A judicial official in northeastern Heilongjiang Province, Lan Jingli, told The Associated Press that 14 followers hanged themselves from bunk beds with strips of sheeting at the province's Wanjia labor camp before dawn on June 20. The 14 women who died were among 25 followers who staged the mass suicide during a five-minute interval between checks by camp guards, he said. He said the guards discovered the suicides in time to save 11.
"One minute is enough to kill," Mr. Lan said, adding that Beijing had ordered that jailed Falun Gong followers now be kept under constant watch. He suggested that Falun Gong followers who continue to disseminate messages in China from the group's United States-based founder, Li Hongzhi, may be partly responsible for the deaths. "Those organizations are using all possible channels to pass on the so-called `instructions' to the practitioners in the reform camp in order to make them believe that going to heaven after their death is the highest level of practicing," Mr. Lan said.

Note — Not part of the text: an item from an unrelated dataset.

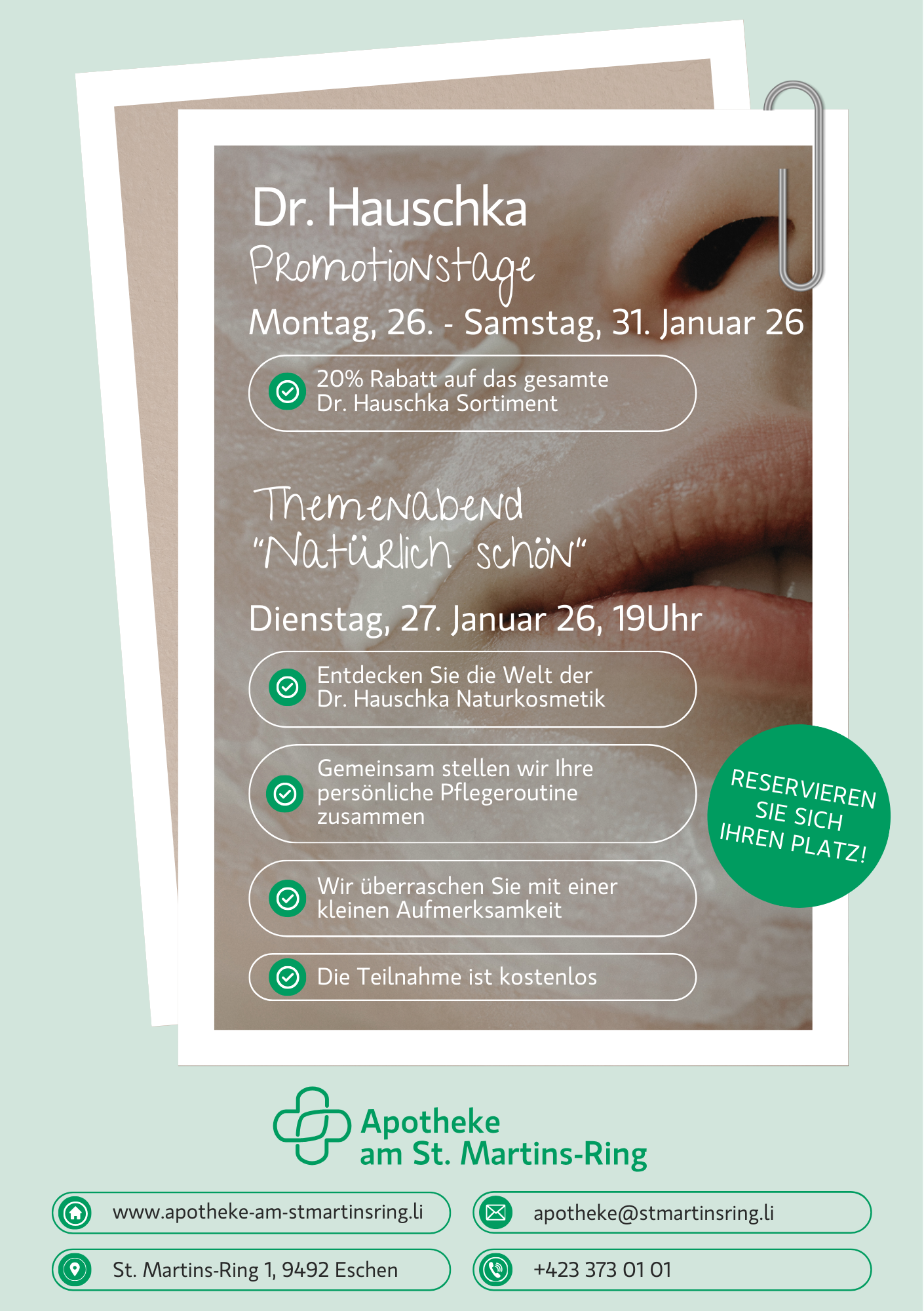 Dr. Hauschka PromotionstageMontag, 26. – Samstag, 31. Januar 26 Themenabend “Natürlich schön” Dienstag, 27. Januar 26, 19Uhr Entdecken Sie die Welt der Dr. Hauschka Naturkosmetik Reservieren Sie sich Ihren Platz!

Three days after the deaths and after reports of beatings had been posted on the sect's Web site (www.clearwisdom.net), Mr. Li wrote that even if a follower "casts off his human skin during the persecution, what awaits him is still Consummation," the goal of all followers.
A spokesman for the central government's State Council Information Office, meanwhile, told the news agency that three women died and eight were rescued, and that the suicides took place on June 21, not June 20. Officials at the labor camp could not be reached for comment.
The incident was first reported by the Hong Kong-based Information Center for Human Rights and Democracy, which said at least 10 Falun Gong followers had died among 16 who attempted suicide. The group cited a family member of one of the 16 who said the suicides were to protest an extension of the followers' sentences by up to six months to punish them for a hunger strike. Falun Gong followers in the United States said suicide violates Mr. Li's teachings and continued to say that 15 women died at the camp from torture.